Thrown into the suds of Superdome are a marriage on the brink, a potentially exiting star quarterback (Tom Selleck, Runaway), an illegal gambling plot with mob muscle and, above all, murder! Someone is shooting team staff members to death, with poisoned ginger ale and electrocution by whirlpool also on tap for attempts. Curiously, there is next to no football.

In charge of this whole mess is director Jerry Jameson, fresh from Airport ’77 and likely hired for his ability to corral an all-star cast; here, that includes such screen sirens as Edie Adams, Vonetta McGee, Jane Wyman and Bubba Smith.

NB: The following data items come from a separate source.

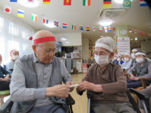 そして、利用者様の個人戦で行う、ティッシュ綱引きです。
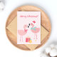 NewParkLane - Tropical Christmas Postcard, featuring two cute pink flamingos wearing a Santa hat, and the other candy cane striped socks, with a Christmas gift, a pineapple and a starfish.
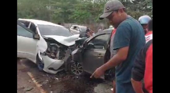 KOTABARU, Kalimantanlive.com – Beredar video dan foto tabrakan antara mobil Avanza vs
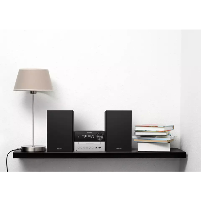 This stylish micro system lets you stream playlists and more via Bluetooth, play CDs and listen to FM radio. The digital radio tuner with 10 presets delivers clear reception, and the CD player can read MP3 CDs and recorded CDs.
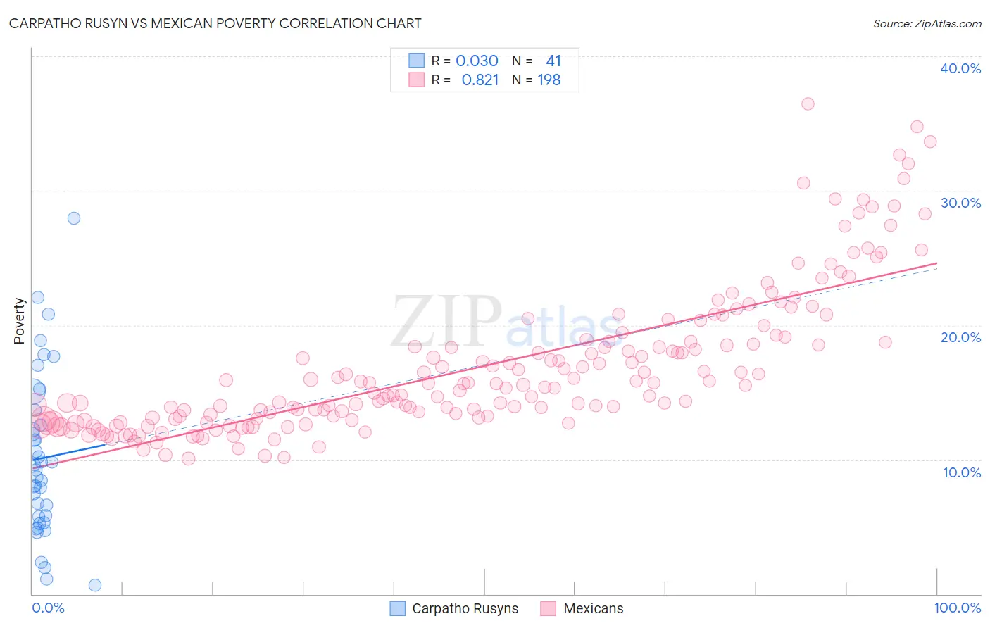The statistical analysis conducted on geographies consisting of 58,869,628 people shows no correlation between the proportion of Carpatho Rusyns and poverty level in the United States with a correlation coefficient (R) of 0.030 and weighted average of 11.3%. Similarly, the statistical analysis conducted on geographies consisting of 564,427,713 people shows a very strong positive correlation between the proportion of Mexicans and poverty level in the United States with a correlation coefficient (R) of 0.821 and weighted average of 15.1%, a difference of 34.1%.
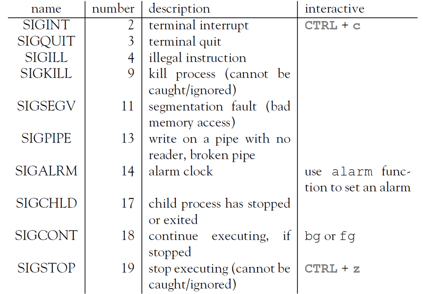 - Signal handler, process registers a handler to respond to events from OS
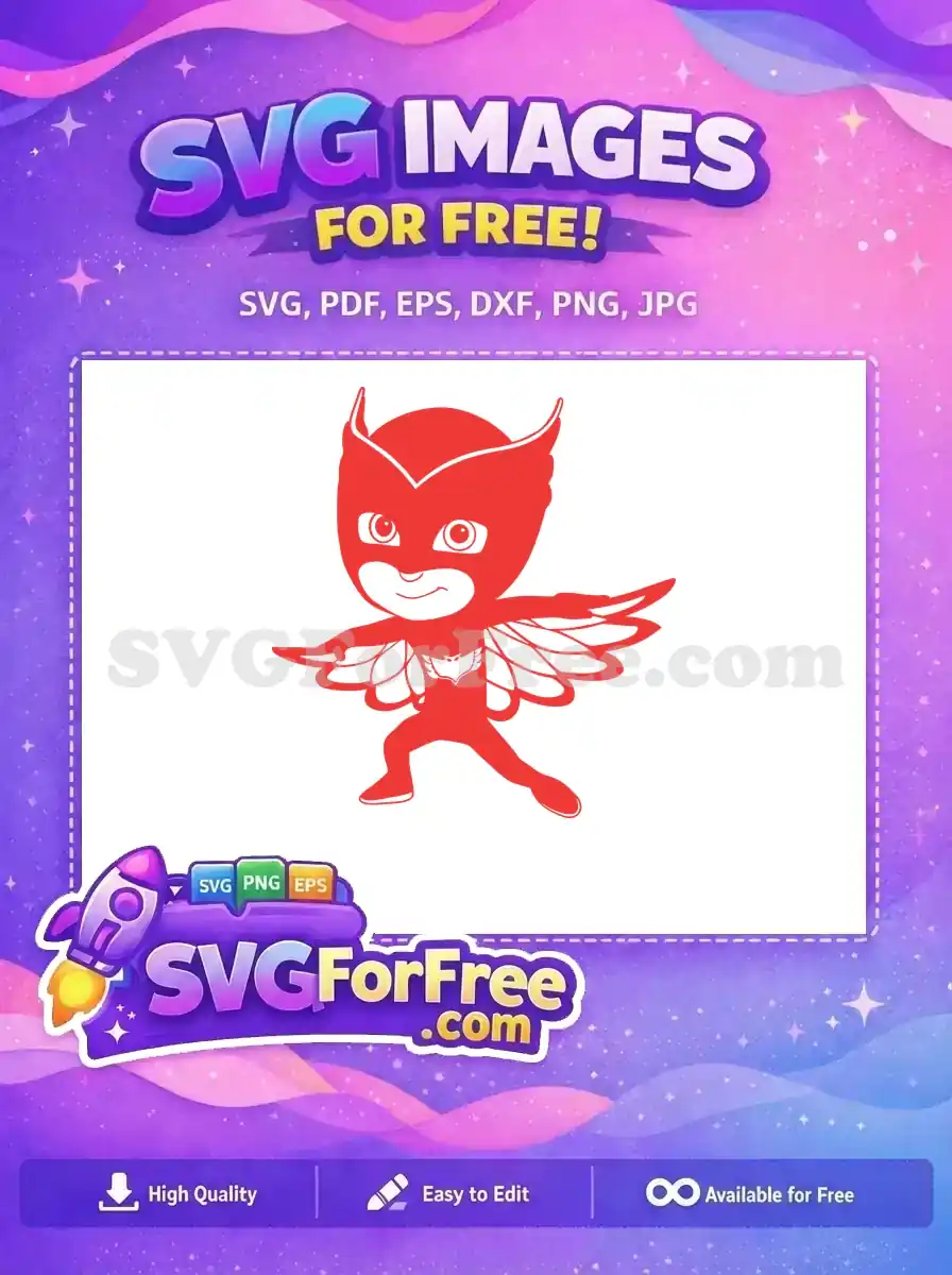Free Owlette PJ Masks Free Cartoon Red Silhouette Free SVG – Instant Download
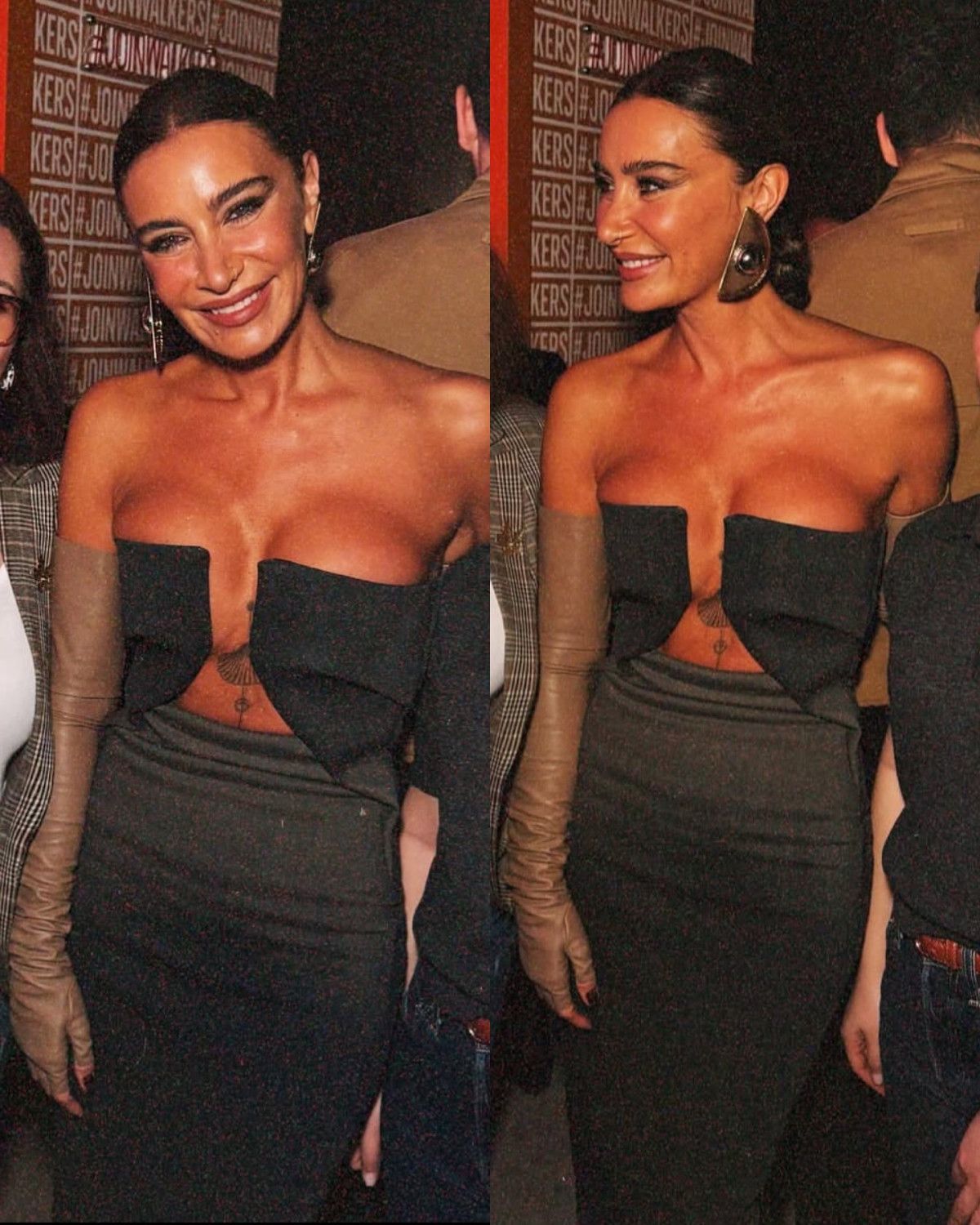 Şarkıcının dar kalıplı elbisesi ve dekoltesi, zarafetini ön plana çıkardı.
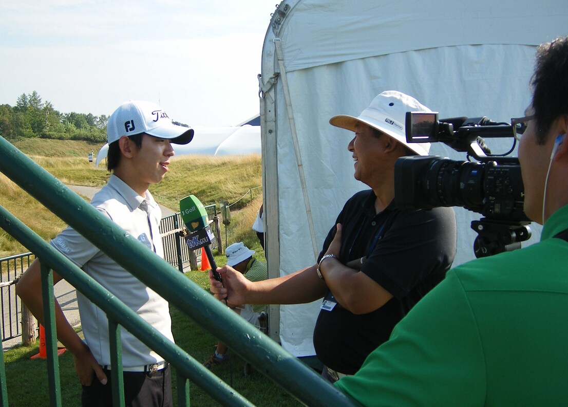 Titleist Brand Ambassador Seung-yul Noh does an interview near the driving range.

For all Jameson’s skill at actor control, he is unable to wring any suspense from the stew. Had the script stuck to the killer angle and run with it, he might have something, like the then-2-year-old stadium-sniper thriller Two-Minute Warning. Instead, just as we’re shown a pair of black gloves pulling the trigger, Superdome pivots to a storyline of dramatically lower stakes, like Ken Howard’s aching knee. Fumble! —Rod Lott

Get it at Amazon.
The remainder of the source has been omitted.